Despite demand for dollars from state-run oil marketing companies (OMCs) emerging in the foreign exchange market, experts feel the rupee wouldn’t weaken to the levels seen in August, as various steps taken by the Reserve Bank of India (RBI) have improved the situation.
On Friday, the rupee closed at 62.48/dollar, compared with its previous close of 62.42/dollar. It opened at 62.7 and, during intra-day trade, touched a low of 62.75 a dollar. However, it recovered due to dollar sale by public sector banks.
On Thursday, Economic Affairs Secretary Arvind Mayaram had said now, the foreign exchange market accounted for 30-40 per cent of the dollar demand of state-run oil companies.
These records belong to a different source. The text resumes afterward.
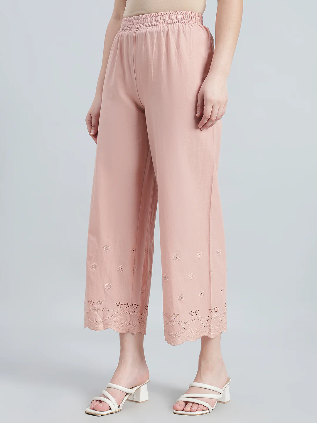 Crafted from breathable cotton, our Baby Pink Hakoba Wide Pant offers a relaxed fit with a mid-rise waist featuring adjustable inner drawstrings and ankle-length cut. Detailed with Floral embroidery at the hem and a side pocket, it blends everyday comfort with effortless ethnic elegance.
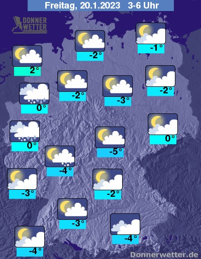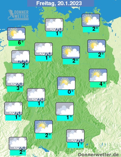 Am Freitag zeigt sich über dem Nordosten und auch über dem Osten häufiger die Sonne, hier bleibt es weitgehend trocken. Im übrigen Land dominieren dagegen viele und verbreitet auch dichte Wolken, dabei fällt gebietsweise Schnee oder Schneeregen, entlang von Rhein und Ems auch zum Teil Regen. Die Temperatur steigt auf 0 Grad im Eichsfeld und bis 6 Grad im nördlichen Emsland.
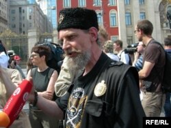 Мало кто из пришедших на Тверскую площадь сомневался, что в полдень напротив мэрии начнутся бурные события. Омоновцы оцепили по периметру всю территорию вокруг памятника Юрию Долгорукому и никого к монументу не пускали. Милиция стояла везде: на Тверской, у здания мэрии, у подземных пешеходных переходов. Несколько десятков журналистов с телекамерами приготовились к встрече пикетчиков. Но первыми на площади появились люди в черной униформе и представились как члены союза православных хоругвеносцев. Одного из лидеров этого движения, Игоря Мирошниченко тут же окружили журналисты. Он им сообщил следующее: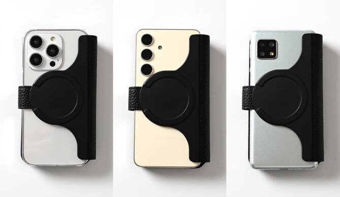 ワンタッチでスマートに装着可能。MagSafe対応スチールリング付きなので、どんなスマートフォンでも利用できます。ケースの上からでも装着できるため、愛用中のスマホケースをそのまま使うことも可能。カメラに干渉しないR形状デザイン設計になっていて、スムーズに撮影できるところもうれしいポイントです。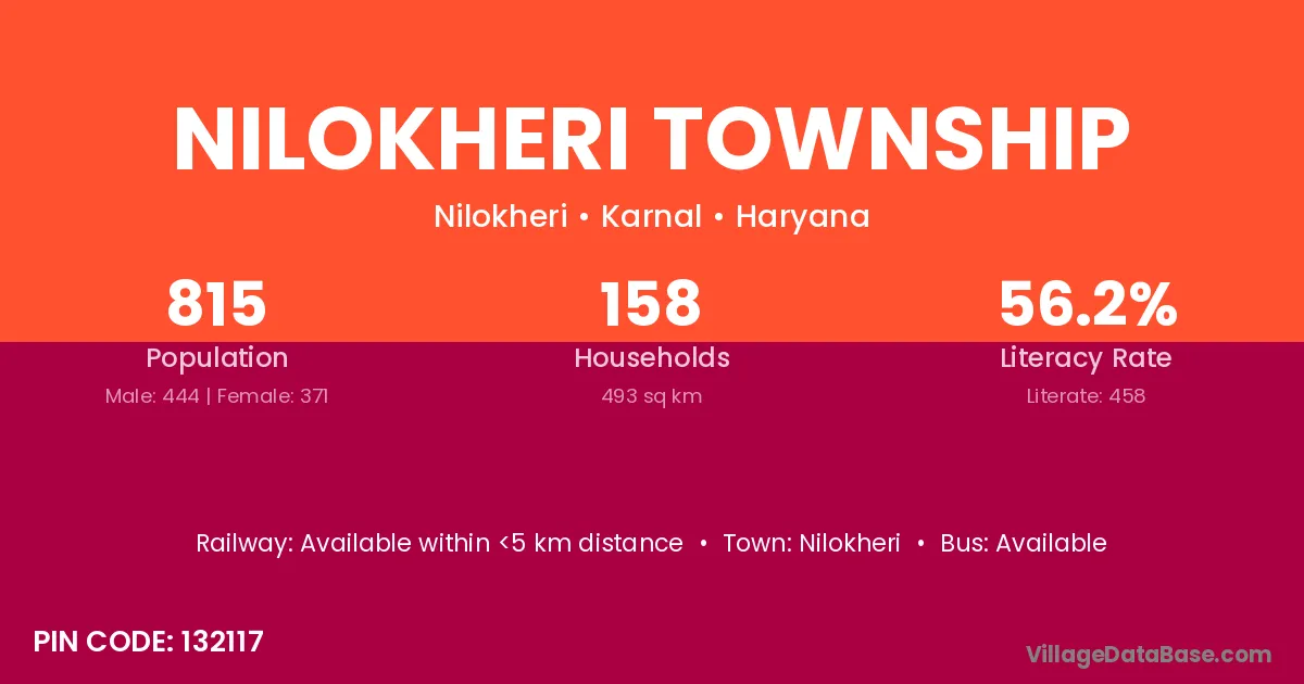 Nilokheri Township village has a total population of 815 people, of which 444 are males and 371 are females.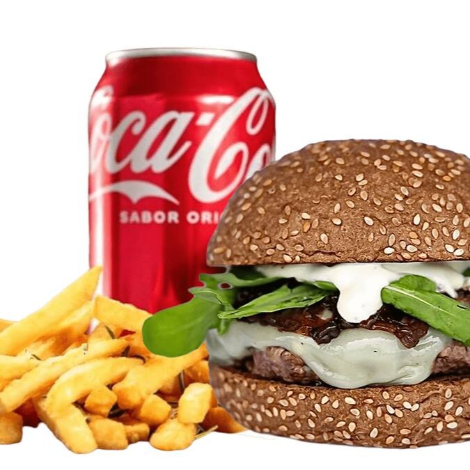 Burger 160g, blue cheese/gorgonzola, cebola caramelizada e rúcula no pão australiano + batata e bebida.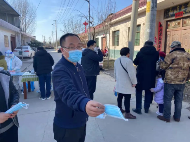 河頭村核酸檢測點,黨員魏廣樂引導(dǎo)村民保持一米間距,戴好口罩,做好自身防護。

On August 28, RBI had opened a forex swap window for the three public sector OMCs—Indian Oil Corporation, Hindustan Petroleum Corporation and Bharat Petroleum Corporation—as on that day, the rupee had fallen to an all-time low of 68.85/dollar during intra-day trade.
The combined monthly dollar demand of all the OMCs is $8-8.5 billion.
“We have seen only 30-40 per cent of the demand for dollars from state-run OMCs. We need to look at how the inflows of the dollar pan out. Even if there is volatility in the rupee against the dollar, the rupee may weaken up to 64 a dollar in the near term, in the worst scenario,” said S Srinivasaraghavan, head of treasury at Dhanlaxmi Bank.
In the near term, the rupee may weaken further. “The current account deficit has been brought under control; fiscal deficit is under control and exports have picked up. We are also seeing foreign institutional investors investing in equity. Due to these factors, the worries we had in August aren’t there. But will full demand of OMCs coming to the market, the rupee will trade at 62-63 a dollar,” said N S Venkatesh, chief general manager and head of treasury, IDBI Bank, and chairman (fixed income), Money Market and Derivatives Association of India.